Many of the founding members had been involved with anti-slavery campaigning previously, and their concerns were founded on Christian precepts. There had been a revival of evangelicism which had affected both Anglicanism and dissenters alike. In common with other voluntary organisations, the new body had a subscription system, a committee, officeholders, including a secretary. Founding members included William Wilberforce (although he did not get involved in the day-to-day running), Thomas Clarkson, Thomas Fowell Buxton, Zachary Macaulay (like Wilberforce, a member of the Anglican evangelical group known as the Clapham Sect), MP James Stephen, businessman and philanthropist James Cropper, Quaker banker and philanthropist Samuel Gurney, and Thomas Babington Macaulay. Thomas Pringle was secretary, and others who became involved with the society or who supported it included radical MP and dissenter William Smith; the Whig lawyers Henry Brougham, 1st Baron Brougham and Vaux, Thomas Denman, 1st Baron Denman, the judge Stephen Lushington, and James Mackintosh; Quaker scientists William Allen and Luke Howard; and Irish political leader Daniel O'Connell.

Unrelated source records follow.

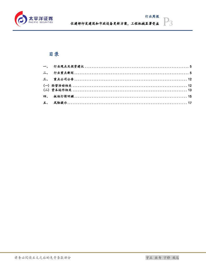 太平洋证券:机械行业周报:住建部印发建筑和市政设备更新方案,工程机械显著受益.pdf
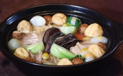 鄭州伊府面,因用全蛋和面,配以海參、猴頭、尤魚、蹄筋、玉蘭片、海米、熟雞絲、鮮菇、木耳,并佐以適量味精、天油、胡椒、辣椒油等,用砂鍋下面,在風(fēng)味上自成一格,為廣大顧客和行家所稱道。
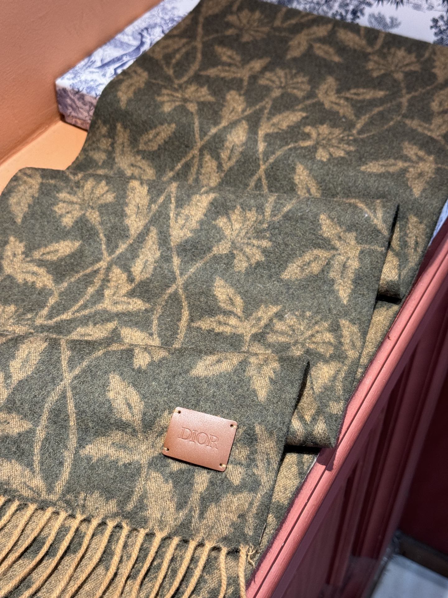 SCARF 180 CM IN OLIVE GREEN MONOGRAM CASHMERE 394642
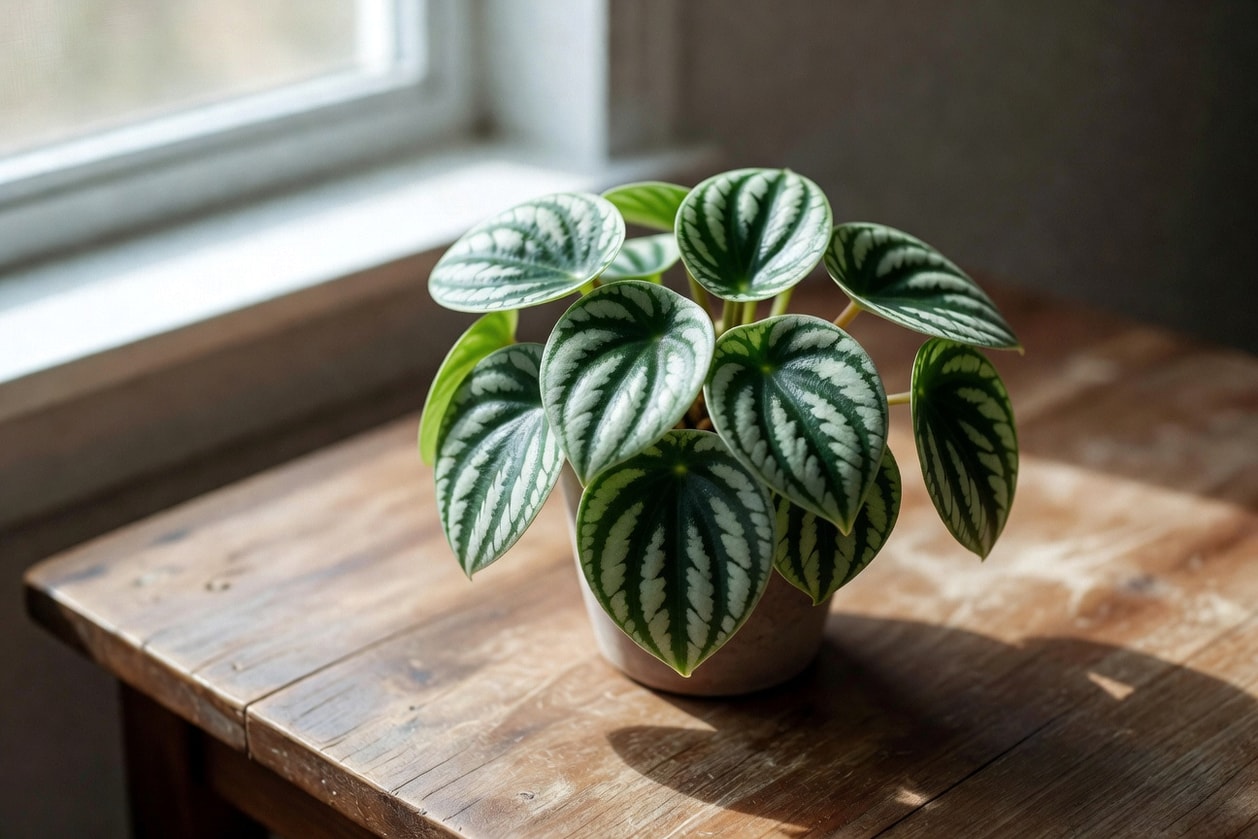 品種二:西瓜皮椒草(Watermelon Peperomia, Peperomia argyreia)——葉片呈卵圓形,銀綠色配深綠條紋活脫脫像西瓜外皮,葉柄紅褐色,視覺辨識度極高。
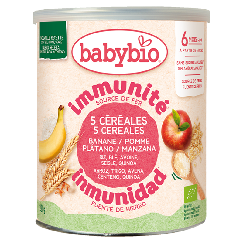 Harina de arroz* 41%, harina de trigo* 27%, harina de avena integral* 9%, copos de plátano* 8,6%, harina de trigo integral* 4,5%, harina de centeno integral* 4,5%, harina de quinoa* 4%, copos de manzana* 1%, hierro, vitamina B1.
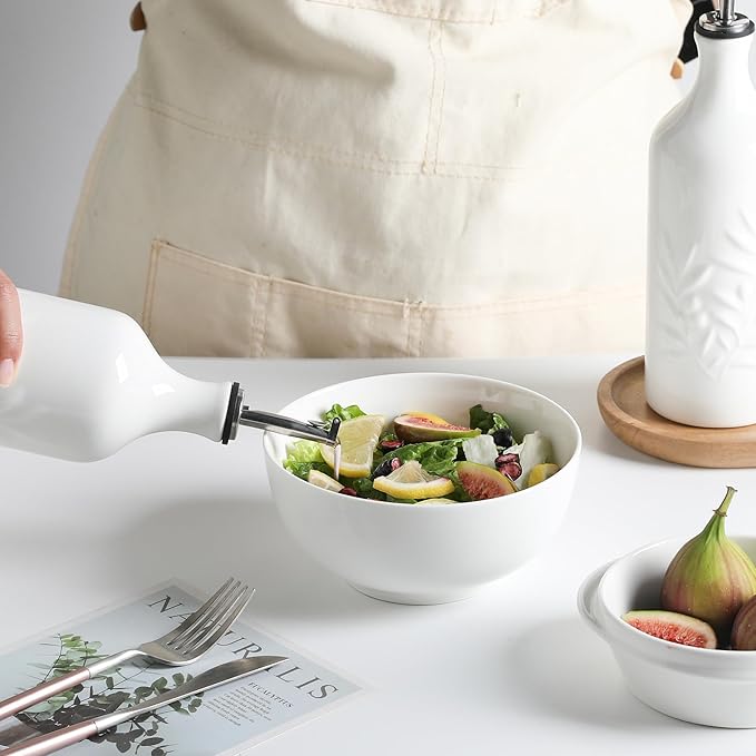 Sweejar Ceramic Olive Oil Dispenser Bottle, 20 Oz Relief Opaque Oil Cruet Protects To Reduce Oxidation, Suitable for Storage,Vinegar, Soy Sauce,Liquids,Set of 2 (White White)
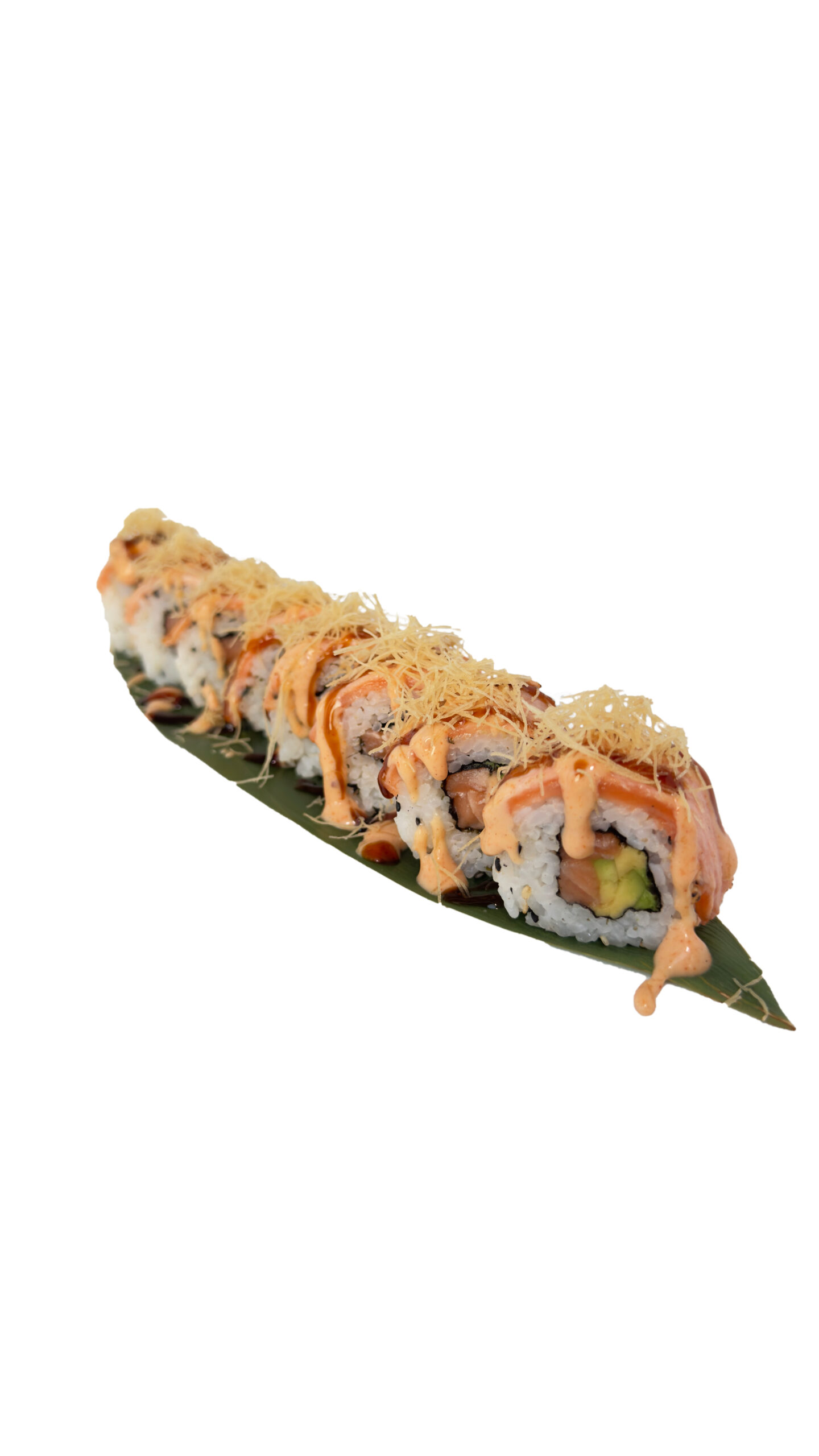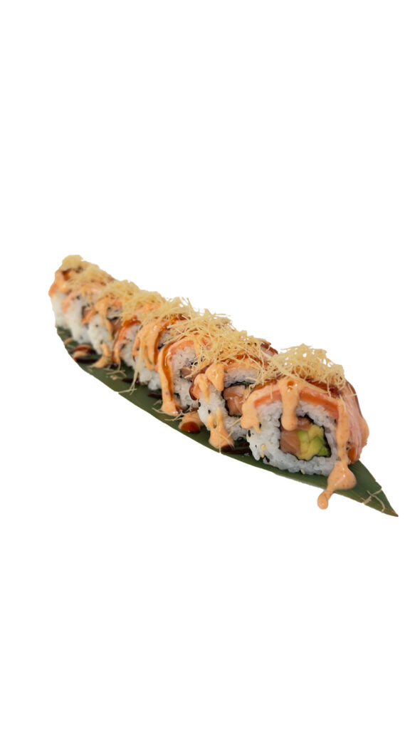Aguacate y salmón enrollado en arroz de sushi y cubierto de salmón flameado, salsa picante de miel y mostaza, salsa teriyaki y fideo kadaifi.
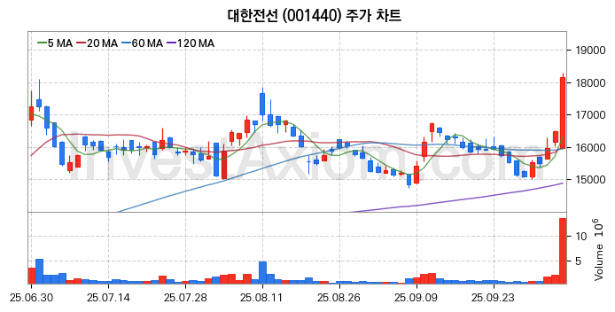 대한전선 주가 전망 분석, 주식 차트 분석과 기간 수익률 및 주가 변동성 분석 (25년10월13일)
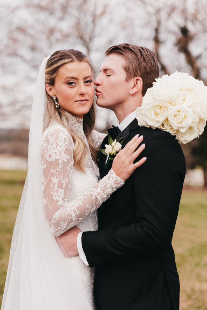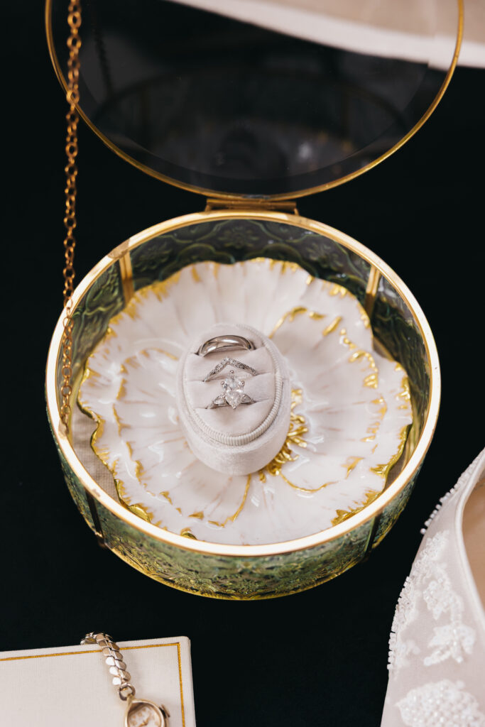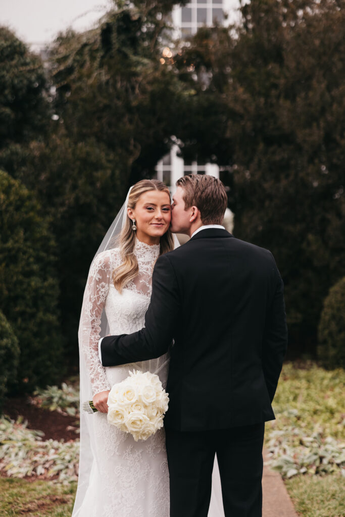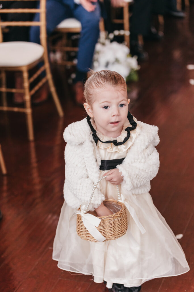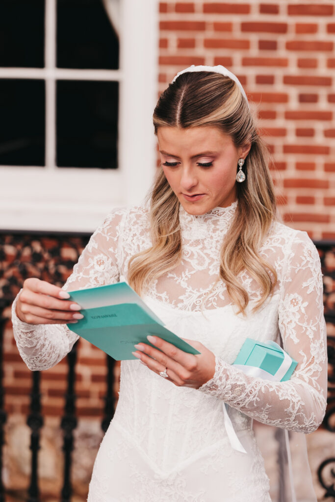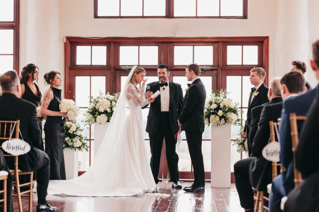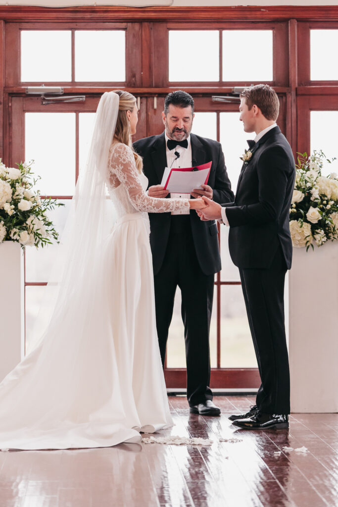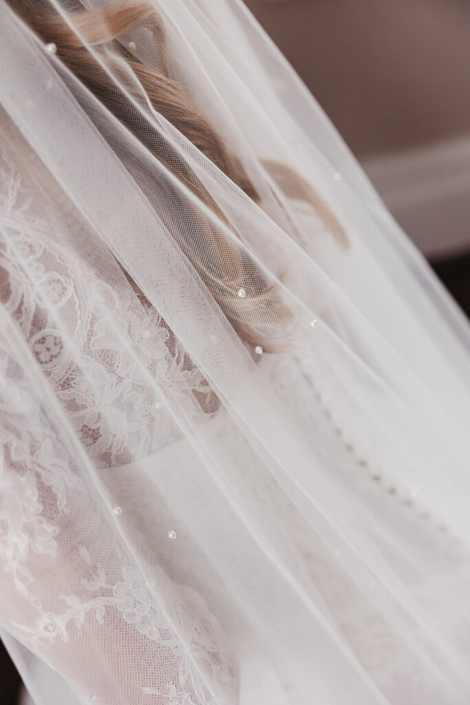 The air carried a gentle December chill as the morning unfolded, crisp, still, and full of anticipation. Inside the bridal suite, warm light filtered through tall windows, catching on lace fabric, gold and silver details, and the soft movement of hands helping Olivia into her gown. There was an unspoken reverence and so much joy in the room — the kind that settles when something meaningful is about to begin. It was such a fun space to photograph the details and candid moments.
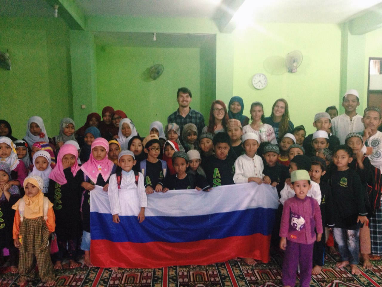 Было интересно буквально все! А когда я сказала, что Россия - самая большая страна в мире, они захлопали в ладоши. А при виде сушек, блинов и борща - даже вставали с мест, чтобы лучше рассмотреть. Всего в первом детском доме, где мы побывали, 120 детишек, поэтому для того, чтобы провести вводное занятие и знакомство сразу со всеми, пришлось искать подходящее большое помещение. А так как страна мусульманская, то самым просторным местом оказалась мечеть. И это было довольно странно - проводить урок в церкви, говоря при этом в микрофон, чтобы всем было слышно. Но это было невероятное занятие: дети очень заряжают свой энергетикой, любопытством и активностью.
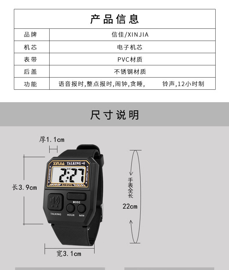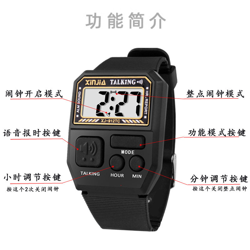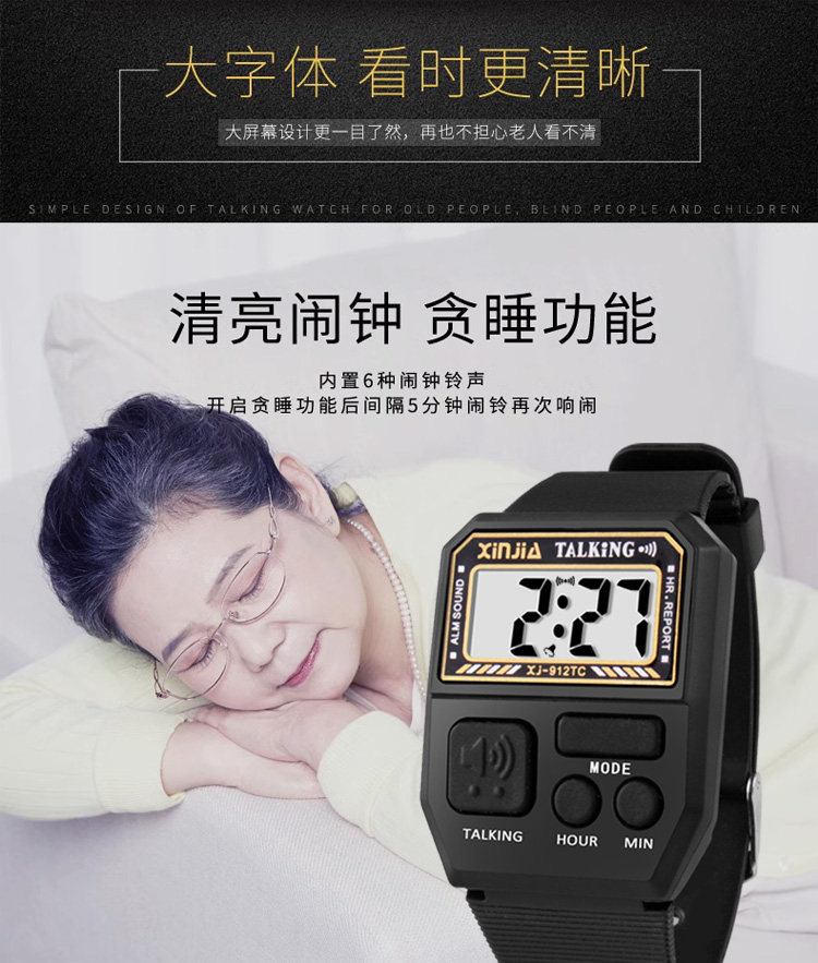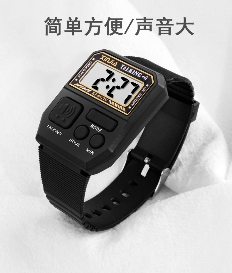 Voice Time-Telling Watch, Blind People's Watch, Loud Talking Watch, Middle-Aged and Elderly Square-Shaped Electronic Watch for the Elderly

Auxiliary societies set up by women, such as the Birmingham and West Bromwich Ladies Society for the Relief of Negro Slaves, were supported by the society.

Its work included supporting the first slave narrative to be published by a Black woman, Mary Prince, The History of Mary Prince, A West Indian Slave (1831), organised by Pringle.

A wide range of views emerged among the members. Broadly, there were abolitionists who insisted on the full working out of the gradual process of abolition and amelioration (which had its successes), and the generally younger, more radical members, whose moral outlook regarded slavery as a mortal sin to be ended forthwith. Elizabeth Heyrick's 1824 pamphlet "Immediate, not Gradual, Abolition" gave the tone to the argument.

The latter group, including Joseph Sturge and many others, publicly campaigned throughout Britain. The idea was to engender public pressure for a new act of Parliament to outlaw slavery, rather than continue the gradualism of Whitehall's negotiations, mainly with colonial governments. In 1831 George Stephen and Joseph Sturge formed a ginger group within the Anti-Slavery Society, the Agency Committee, to campaign for this new act of Parliament. This campaign, and public pressure, led to the Slavery Abolition Act 1833, though it contained compromises which they disliked.

Jamaican mixed-race campaigners such as Louis Celeste Lecesne and Richard Hill were also members of the Anti-Slavery Society.

The indentured labour schemes were particularly opposed by Sturge and the Agency Committee; the full working out of the act would take several years, with slavery eventually being abolished throughout the British West Indies on 1 August 1838. In response to the new legislation, other members of the Anti-Slavery Society considered their work over. The original purpose, as reflected in the name of the society (abolition in the British dominions), had, they thought, been achieved.

Renamed the London Anti-Slavery Society in 1838, the organisation ceased to exist in this year.

===The Anti-Slavery Society of 1839===

With abolition of slavery throughout the British dominions achieved, British abolitionists in the Agency Committee of the Anti-Slavery Society considered that a successor organisation was needed to tackle slavery worldwide. Largely under the guidance of Joseph Sturge, the committee duly formed a new society, British and Foreign Anti-Slavery Society on 17 April 1839. It too became widely known as the Anti-Slavery Society.

==Publications==

From 1825, the society published the Anti-Slavery Monthly Reporter under the editorship of Zachary Macaulay. Its name changed to The Anti-Slavery Reporter in August 1830, and continued publication under the auspices of the British and Foreign Anti-Slavery Society from 1839.